In this Research Topic, we assemble three articles addressing these essential topics for upscaling metal halide perovskite photovoltaics. This collection covers two modes of rapid processing—spray-plasma processing and photonic curing—considering how each can be integrated to fabricate not just perovskite absorber films, but entire device stacks consisting of transport layers and transparent electrodes. A key finding highlighted by Rolston et al. is that using large area and high speed plasma processing can allow for integration of each of the relevant layers of perovskite solar modules, improving efficiency while also bolstering thermomechanical reliability.

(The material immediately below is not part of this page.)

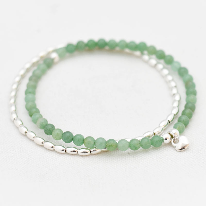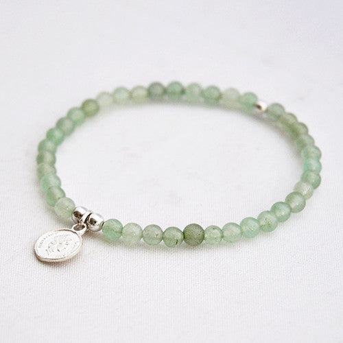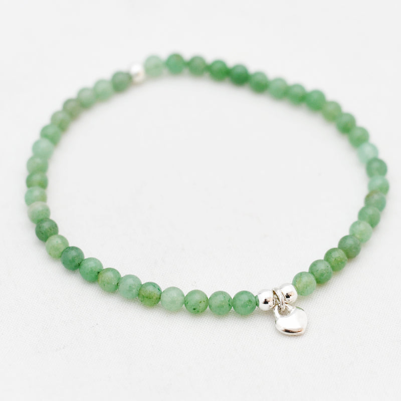 Zilver & Zoet armbandje van edelsteen aventurijn (4 mm) met een 925 sterling zilver bedeltje.

For example, a primary design consideration they offer for perovskite modules is to minimize perovskite film stress to support long-term device stability and thermomechanical reliability. This work addresses both functional cell layers and encapsulating barrier layers—key for obtaining a stack that has exceptional long term stability. To account for the impact of these high throughput methods, this work also considers the cost models (Rolston et al.) that appropriately describe upscaling from MW to GW production based on the experimentally demonstrated speeds of these new methods (Rolston et al., 2020). These cost models show the need for the continued elimination of vacuum-processing steps in charge transport layers and for printable inks for the metal electrodes.
A common theme in this collection is the development of scalable processing methods that use high instantaneous energy inputs to drive rapid film conversion. Piper et al. demonstrate how photonic curing at the millisecond time scale can eliminate a barrier to processing inorganic inverted perovskite architectures at high speeds Piper et al. This work specifically links together rapid curing processes of perovskites absorbers and inorganic NiOx charge transport layers known to provide significant benefits to stability. Pulsed photonic annealing can support high web speeds (26 m/min), replacing the need for long thermal annealing treatments of these layers. Piper et al. also show how it is possible to utilize flexible glass substrates to capture the benefits of R2R processing but integrate more robust inorganic materials. These results connect rapid processing with the materials chemistry of inorganic film conversion and the optoelectronic requirements for demonstrating high efficiency.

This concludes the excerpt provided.